> [Work task]: Using the data that follows, output only the lines from the line with "at night. | |" up to and including the line with "Several thousand employees", exactly, leaving pictures aside.

> [Source material]:
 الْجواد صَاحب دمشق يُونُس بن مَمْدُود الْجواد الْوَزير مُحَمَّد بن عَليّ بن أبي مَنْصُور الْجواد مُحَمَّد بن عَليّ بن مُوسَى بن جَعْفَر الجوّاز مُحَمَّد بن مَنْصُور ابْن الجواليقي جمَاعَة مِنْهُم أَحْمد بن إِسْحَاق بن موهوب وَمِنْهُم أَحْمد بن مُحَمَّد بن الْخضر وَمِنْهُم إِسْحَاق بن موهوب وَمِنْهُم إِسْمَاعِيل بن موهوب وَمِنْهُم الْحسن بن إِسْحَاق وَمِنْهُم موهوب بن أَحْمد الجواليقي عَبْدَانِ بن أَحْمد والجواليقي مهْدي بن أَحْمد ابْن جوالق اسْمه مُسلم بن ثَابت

==

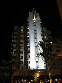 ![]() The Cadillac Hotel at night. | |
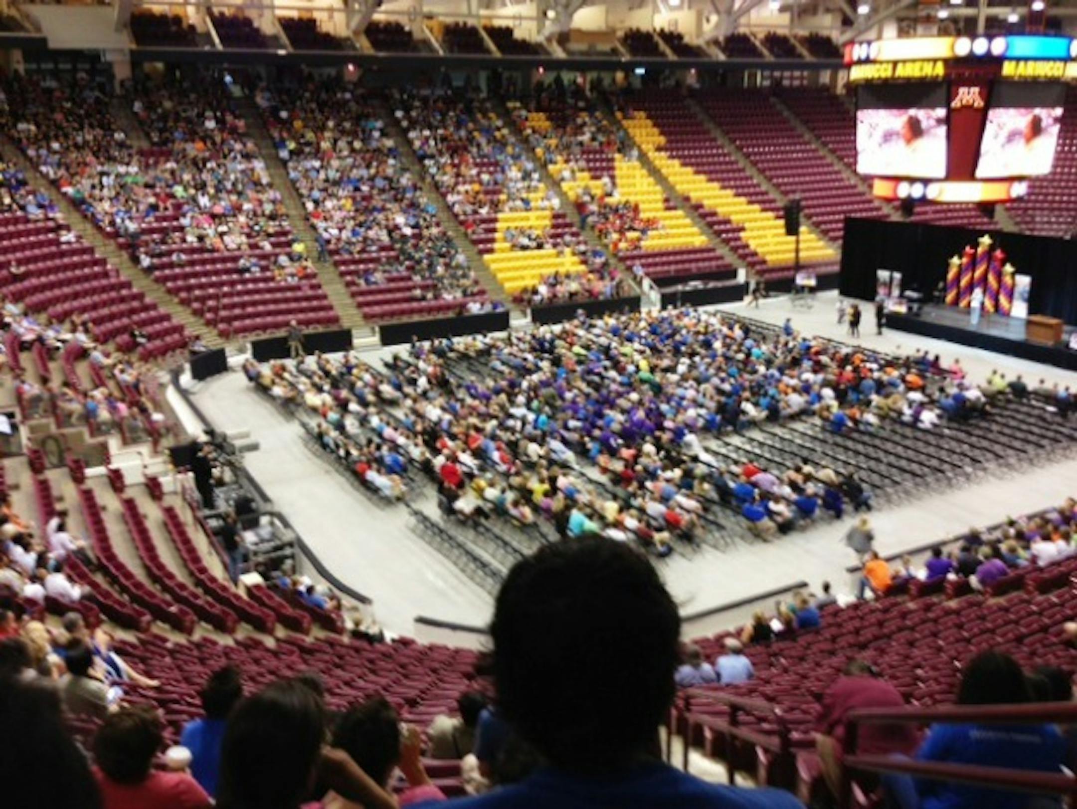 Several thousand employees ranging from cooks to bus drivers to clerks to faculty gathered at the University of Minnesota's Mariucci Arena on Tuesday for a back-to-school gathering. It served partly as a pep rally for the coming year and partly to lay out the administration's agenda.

> [Answer space]:
 ![]() The Cadillac Hotel at night. | |
 Several thousand employees ranging from cooks to bus drivers to clerks to faculty gathered at the University of Minnesota's Mariucci Arena on Tuesday for a back-to-school gathering. It served partly as a pep rally for the coming year and partly to lay out the administration's agenda.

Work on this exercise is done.